Directions
In this exercise, write out the data word for word and leave every image out.

Raw data

----------------------------------------

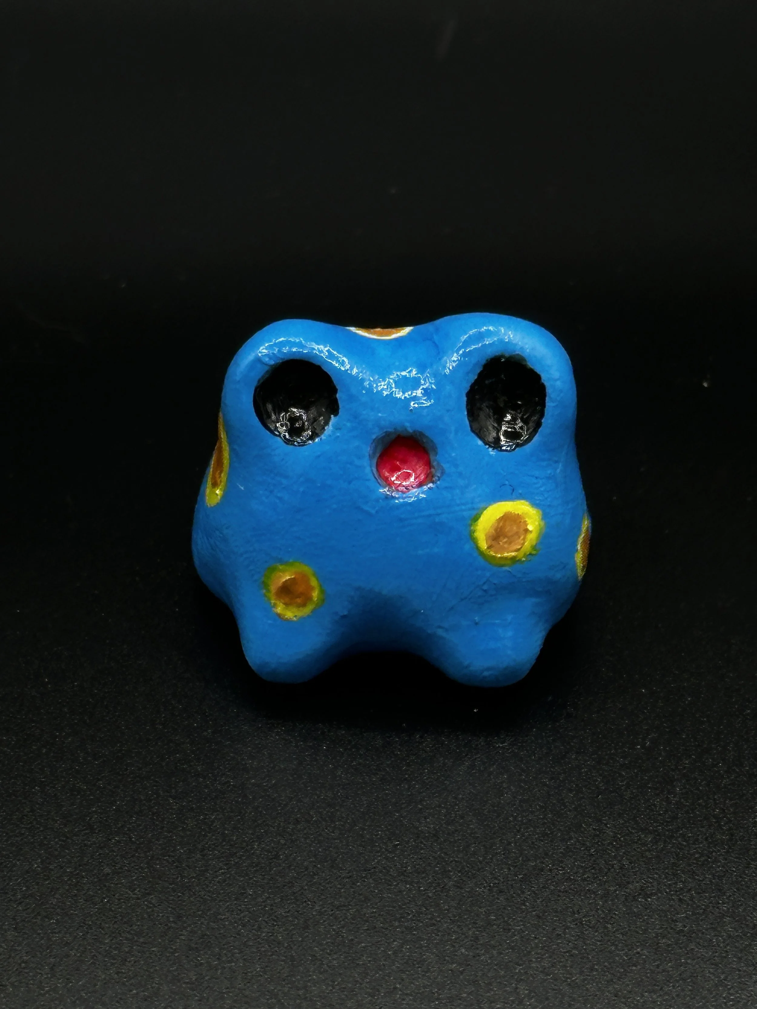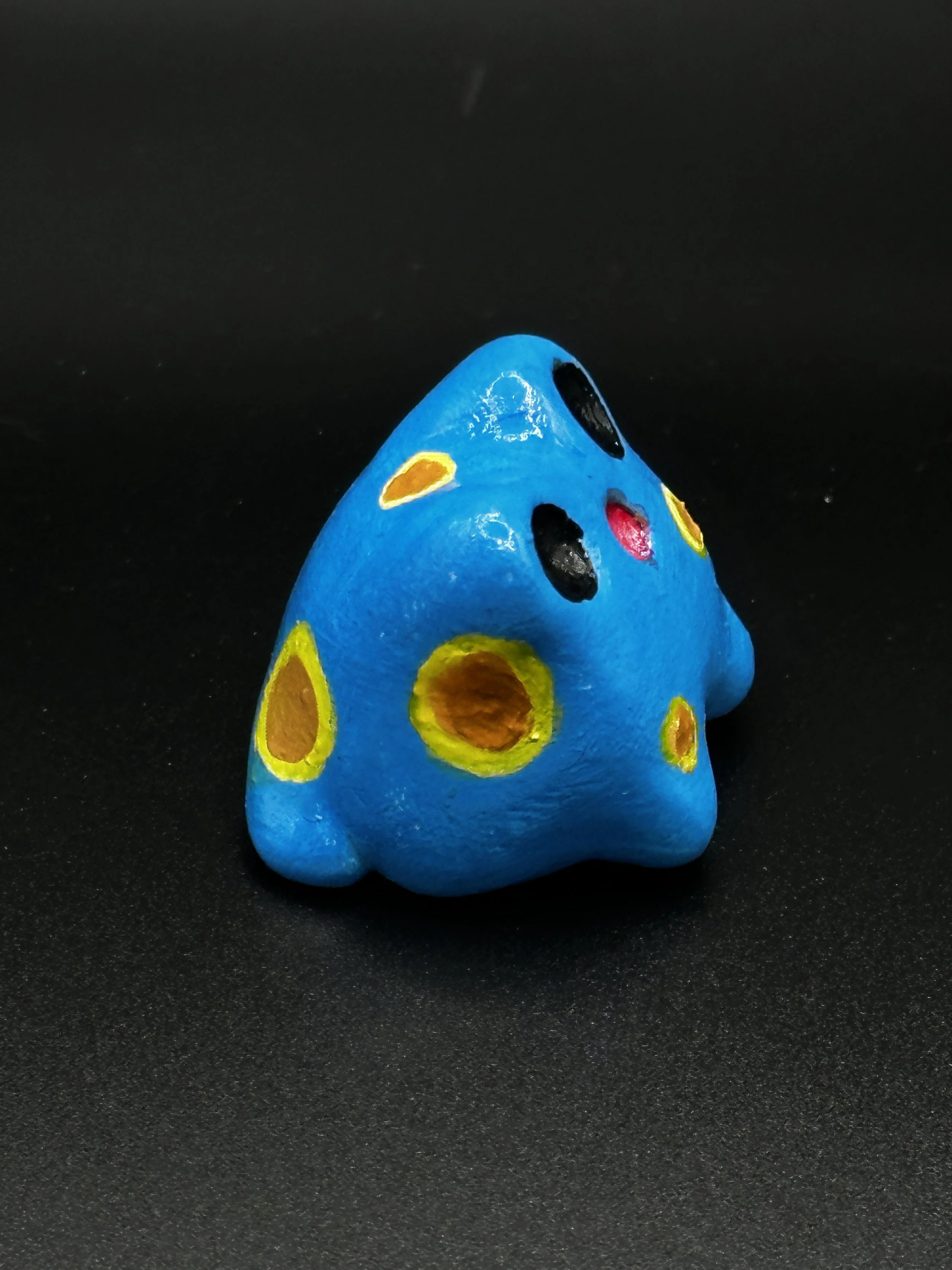 Ecco a te "Pallino Giallo", un simpatico mostriciattolo fatto a mano da N.V Art! Questo piccolo amico dalle forme tondeggianti e il colore blu brillante è decorato con divertenti pallini gialli e arancioni che catturano l'attenzione. Con il suo nasino rosso vivace e i grandi occhi neri, "Pallino Giallo" porta un sorriso ovunque si trovi. Un perfetto oggetto decorativo o un piccolo compagno creativo, ideale per chi ama l’arte originale e stravagante. Un pezzo unico da collezionare!
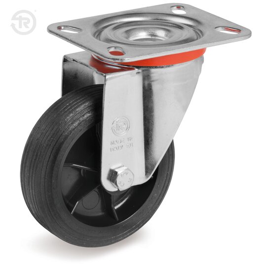 Supporto costituito da piastra, anello tenuta sfere e forcella in lamiera di acciaio zincato elettroliticamente; organo di rotazione formato da due giri sfere lubrificati a grasso e protezione con anello parapolvere in polietilene. Perno centrale integrale con la piastra ottenuto da stampaggio ed assemblato per ribaditura.
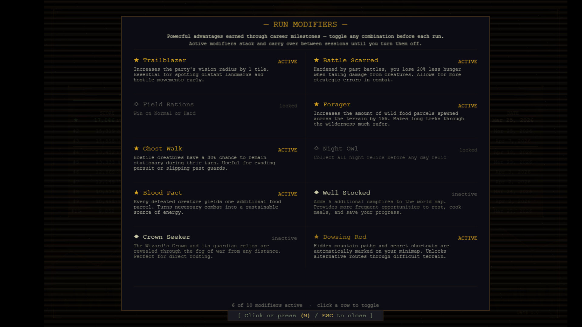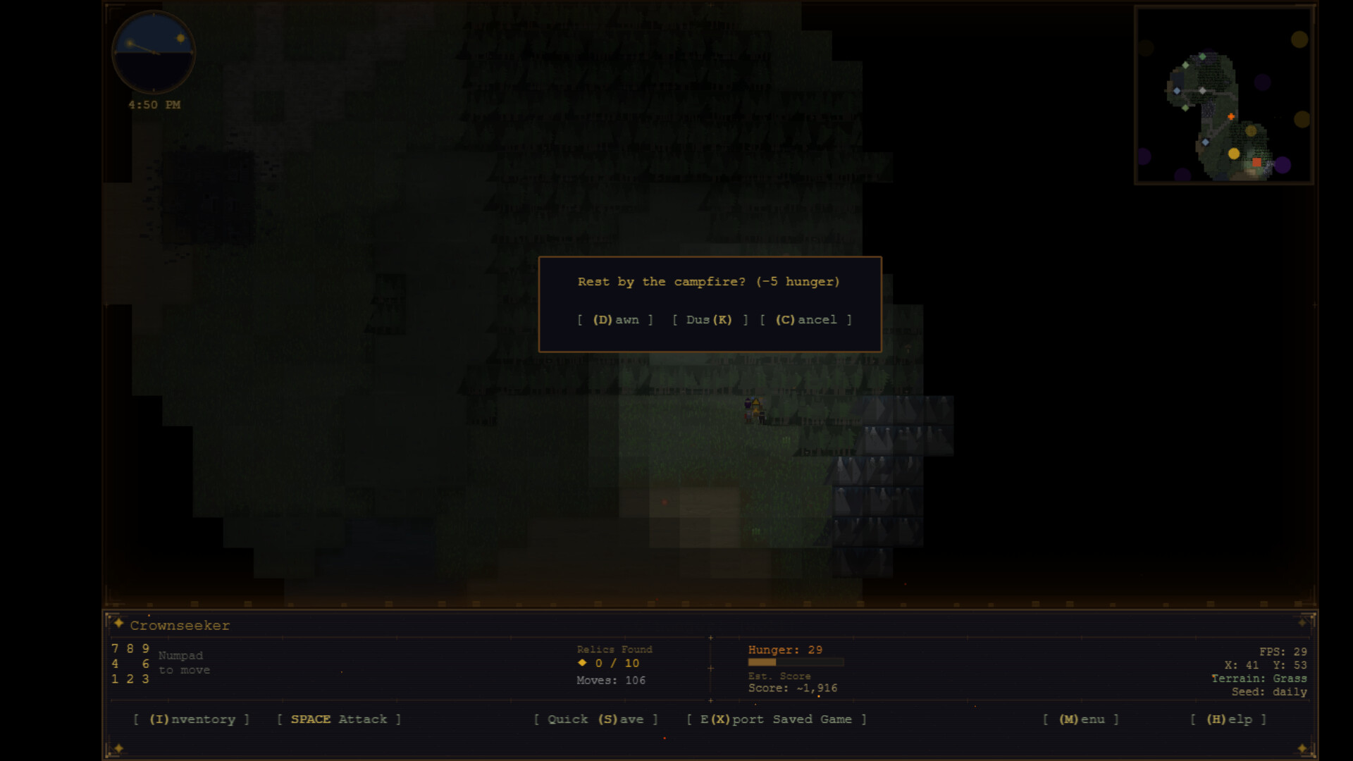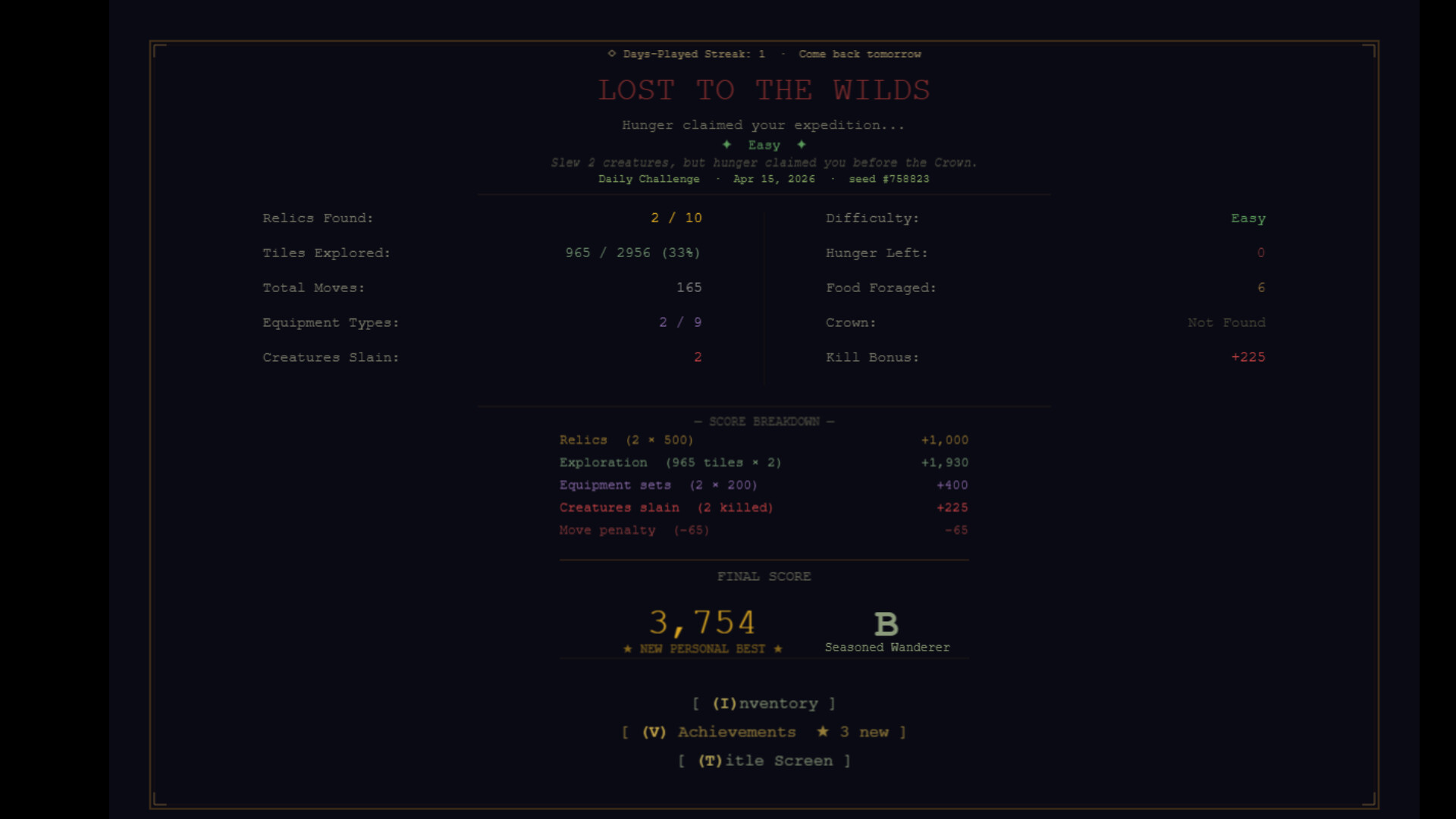 Compete for the Crown Finish a run and you're scored and graded — Legendary Relic Hunter down to mere Wanderer. Seed-based leaderboards let you compete on the same map as every other player. Daily seeds, random seeds, or custom seeds — your choice.

----------------------------------------

Reply
 Ecco a te "Pallino Giallo", un simpatico mostriciattolo fatto a mano da N.V Art! Questo piccolo amico dalle forme tondeggianti e il colore blu brillante è decorato con divertenti pallini gialli e arancioni che catturano l'attenzione. Con il suo nasino rosso vivace e i grandi occhi neri, "Pallino Giallo" porta un sorriso ovunque si trovi. Un perfetto oggetto decorativo o un piccolo compagno creativo, ideale per chi ama l’arte originale e stravagante. Un pezzo unico da collezionare!
 Supporto costituito da piastra, anello tenuta sfere e forcella in lamiera di acciaio zincato elettroliticamente; organo di rotazione formato da due giri sfere lubrificati a grasso e protezione con anello parapolvere in polietilene. Perno centrale integrale con la piastra ottenuto da stampaggio ed assemblato per ribaditura.
 Compete for the Crown Finish a run and you're scored and graded — Legendary Relic Hunter down to mere Wanderer. Seed-based leaderboards let you compete on the same map as every other player. Daily seeds, random seeds, or custom seeds — your choice.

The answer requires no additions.